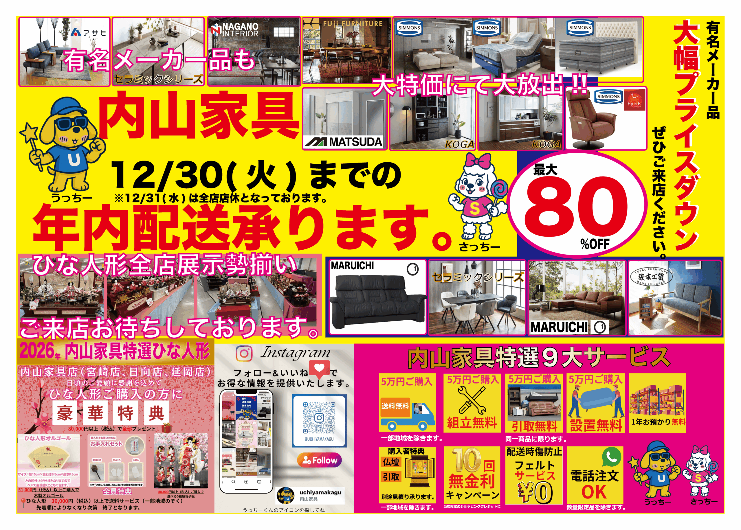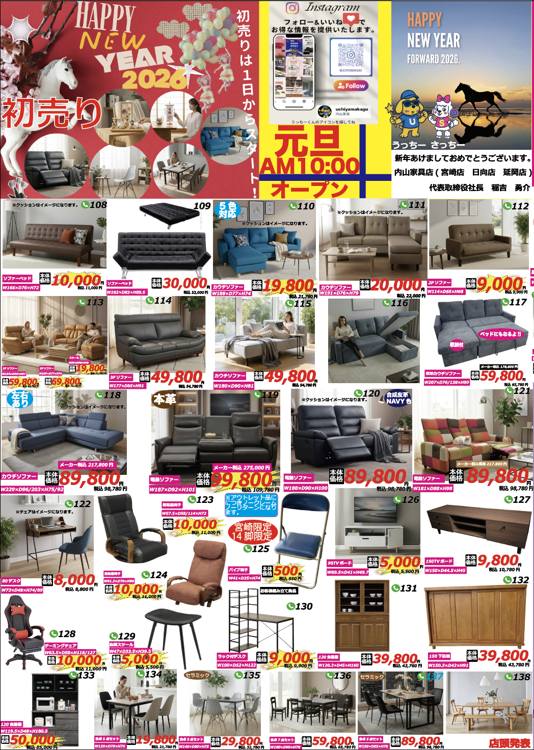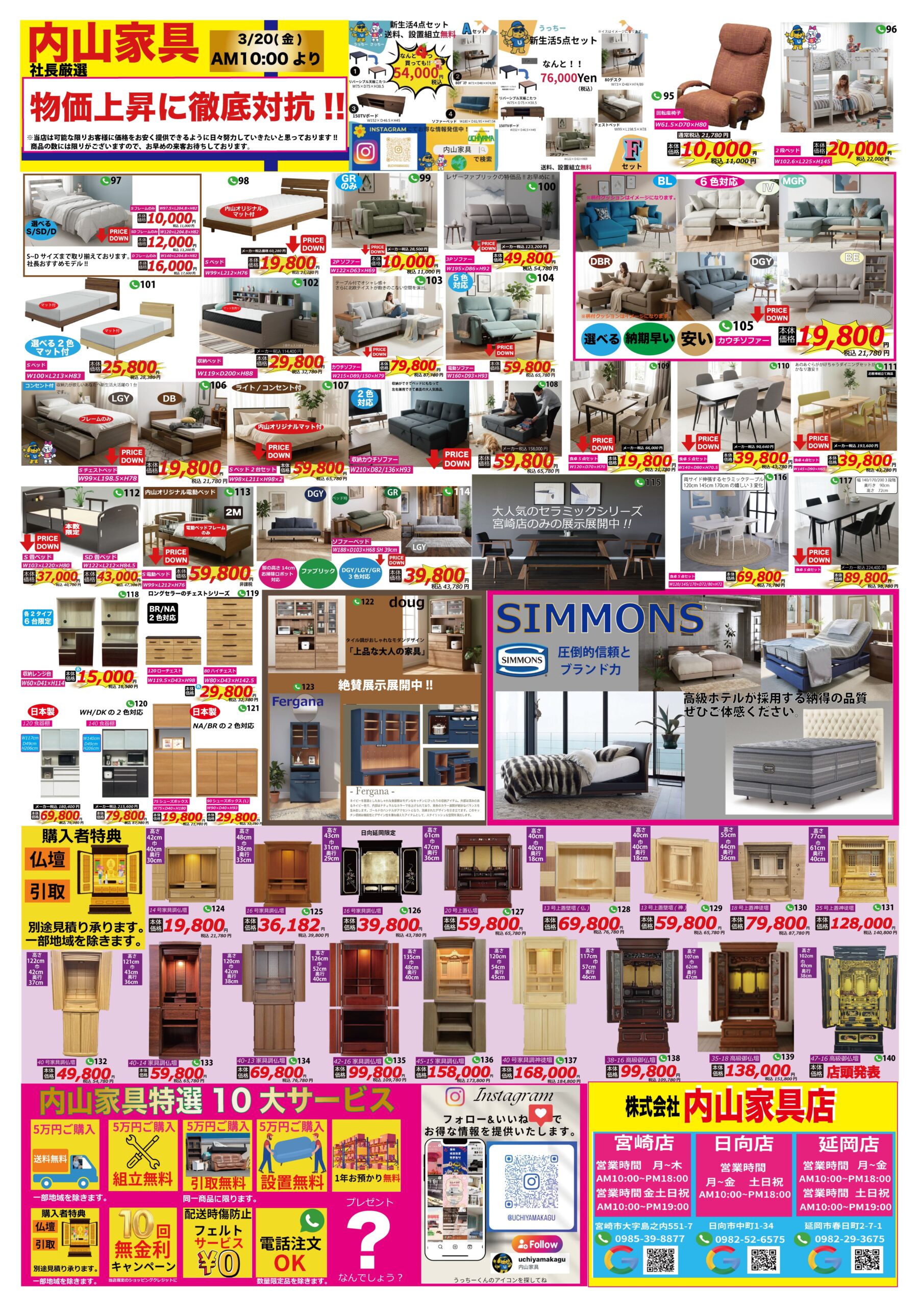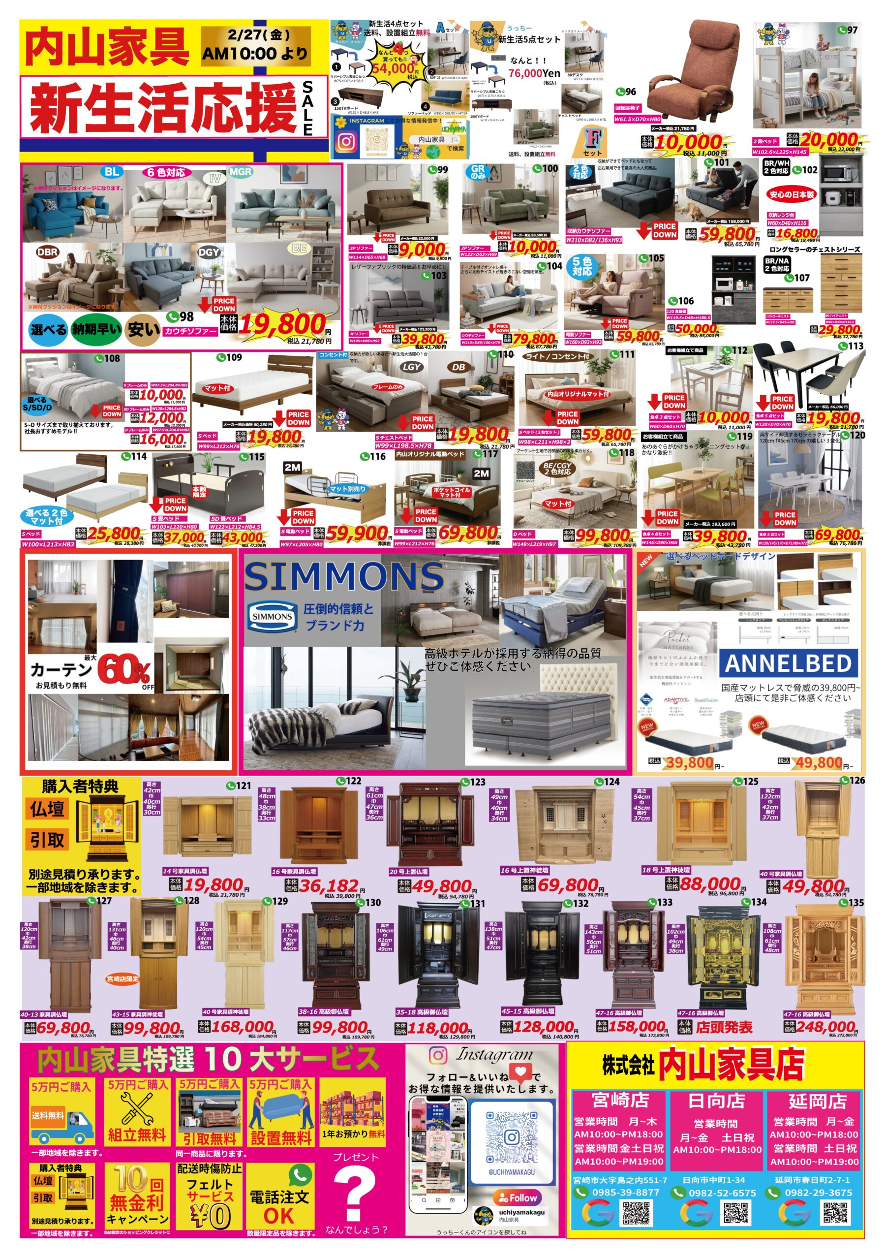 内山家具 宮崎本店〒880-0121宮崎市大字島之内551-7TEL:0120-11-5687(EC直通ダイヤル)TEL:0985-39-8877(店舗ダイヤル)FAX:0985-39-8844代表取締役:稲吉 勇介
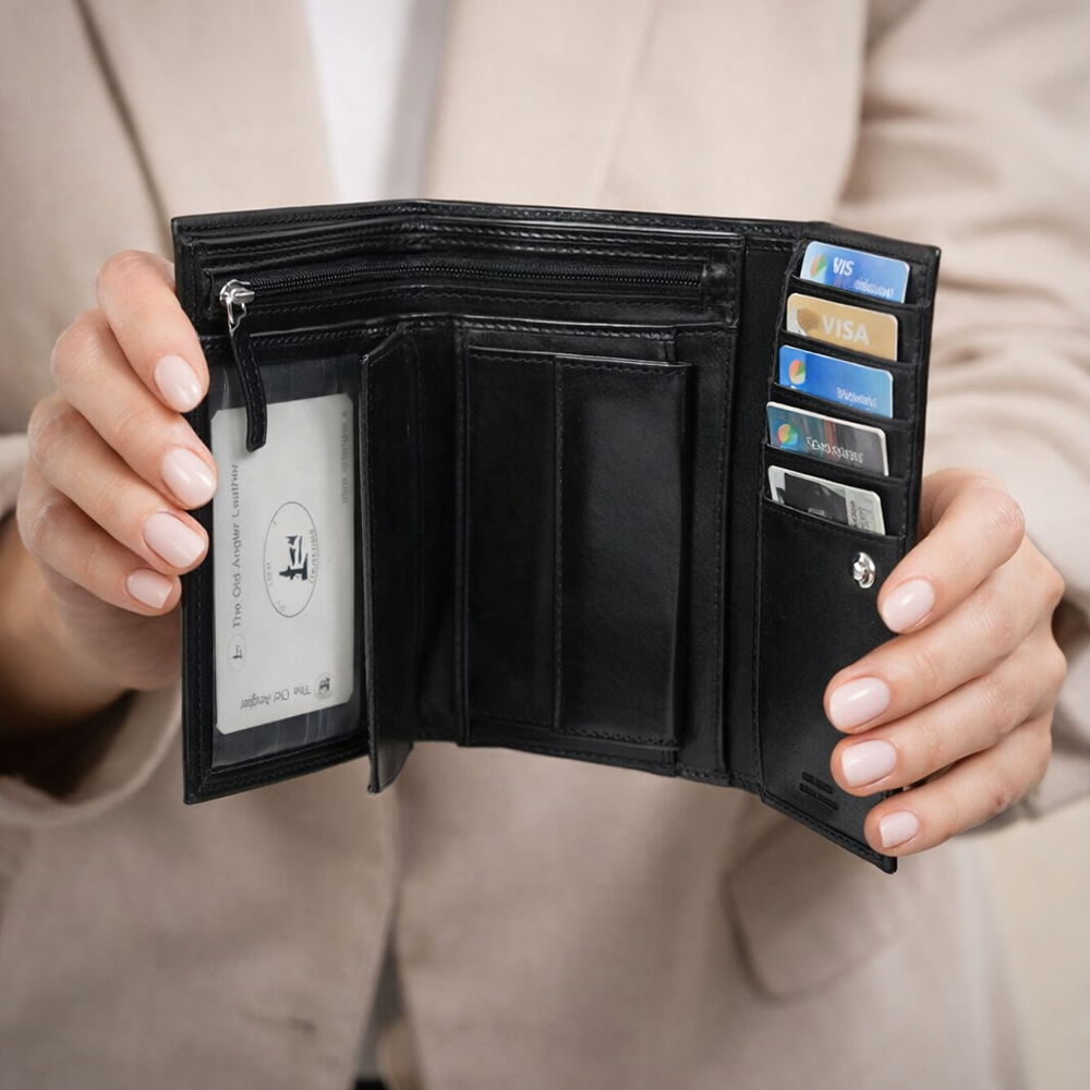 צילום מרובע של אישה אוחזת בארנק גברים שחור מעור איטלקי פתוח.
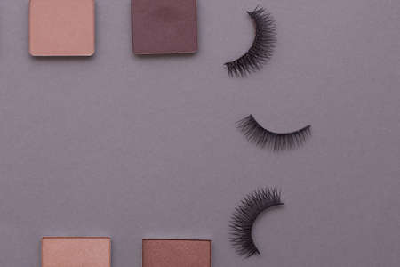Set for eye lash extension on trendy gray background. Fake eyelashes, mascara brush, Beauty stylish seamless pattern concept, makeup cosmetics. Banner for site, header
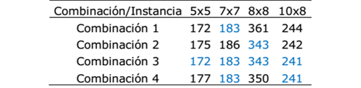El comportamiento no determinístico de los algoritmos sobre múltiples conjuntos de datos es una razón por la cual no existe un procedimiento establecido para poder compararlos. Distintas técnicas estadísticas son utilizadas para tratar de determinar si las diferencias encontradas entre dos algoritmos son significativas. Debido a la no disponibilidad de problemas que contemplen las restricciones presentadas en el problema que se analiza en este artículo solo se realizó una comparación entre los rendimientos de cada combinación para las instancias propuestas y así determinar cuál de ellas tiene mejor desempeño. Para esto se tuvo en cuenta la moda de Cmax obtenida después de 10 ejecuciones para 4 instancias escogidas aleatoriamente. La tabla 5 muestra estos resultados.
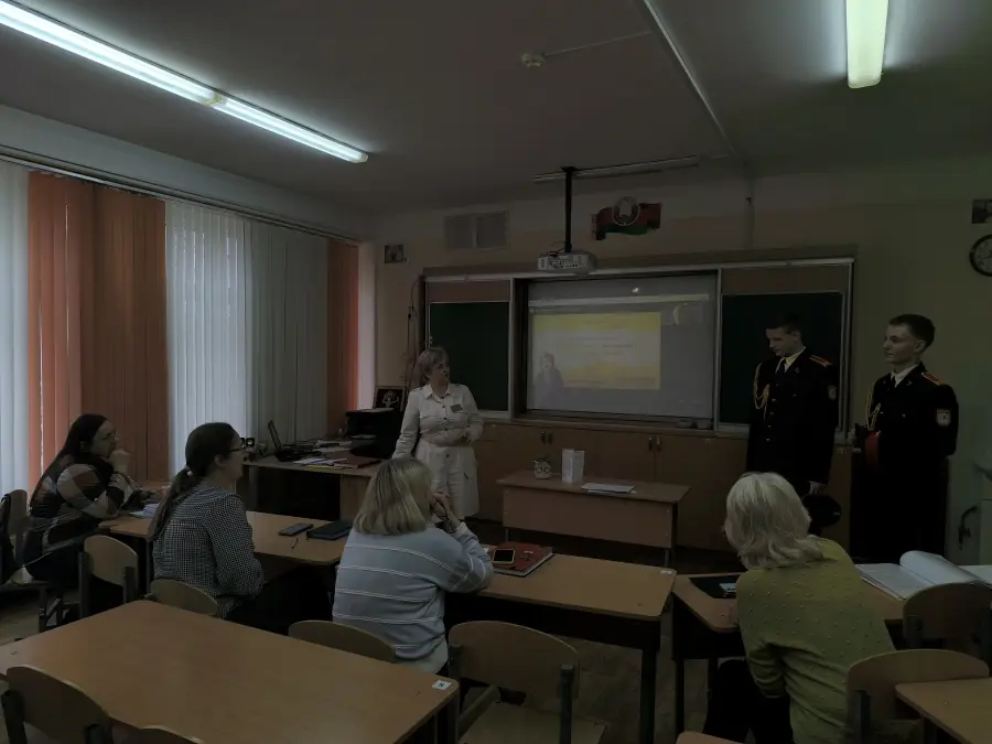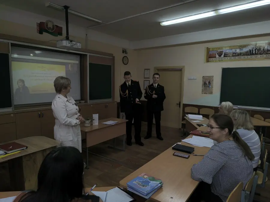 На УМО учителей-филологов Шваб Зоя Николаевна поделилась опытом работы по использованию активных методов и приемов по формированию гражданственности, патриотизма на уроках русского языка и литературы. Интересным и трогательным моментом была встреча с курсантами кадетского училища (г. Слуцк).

» Exercise
Transcribe the listing in full and omit the pictures.

» Task solution
 内山家具 宮崎本店〒880-0121宮崎市大字島之内551-7TEL:0120-11-5687(EC直通ダイヤル)TEL:0985-39-8877(店舗ダイヤル)FAX:0985-39-8844代表取締役:稲吉 勇介
 צילום מרובע של אישה אוחזת בארנק גברים שחור מעור איטלקי פתוח.
Set for eye lash extension on trendy gray background. Fake eyelashes, mascara brush, Beauty stylish seamless pattern concept, makeup cosmetics. Banner for site, header
El comportamiento no determinístico de los algoritmos sobre múltiples conjuntos de datos es una razón por la cual no existe un procedimiento establecido para poder compararlos. Distintas técnicas estadísticas son utilizadas para tratar de determinar si las diferencias encontradas entre dos algoritmos son significativas. Debido a la no disponibilidad de problemas que contemplen las restricciones presentadas en el problema que se analiza en este artículo solo se realizó una comparación entre los rendimientos de cada combinación para las instancias propuestas y así determinar cuál de ellas tiene mejor desempeño. Para esto se tuvo en cuenta la moda de Cmax obtenida después de 10 ejecuciones para 4 instancias escogidas aleatoriamente. La tabla 5 muestra estos resultados.
 На УМО учителей-филологов Шваб Зоя Николаевна поделилась опытом работы по использованию активных методов и приемов по формированию гражданственности, патриотизма на уроках русского языка и литературы. Интересным и трогательным моментом была встреча с курсантами кадетского училища (г. Слуцк).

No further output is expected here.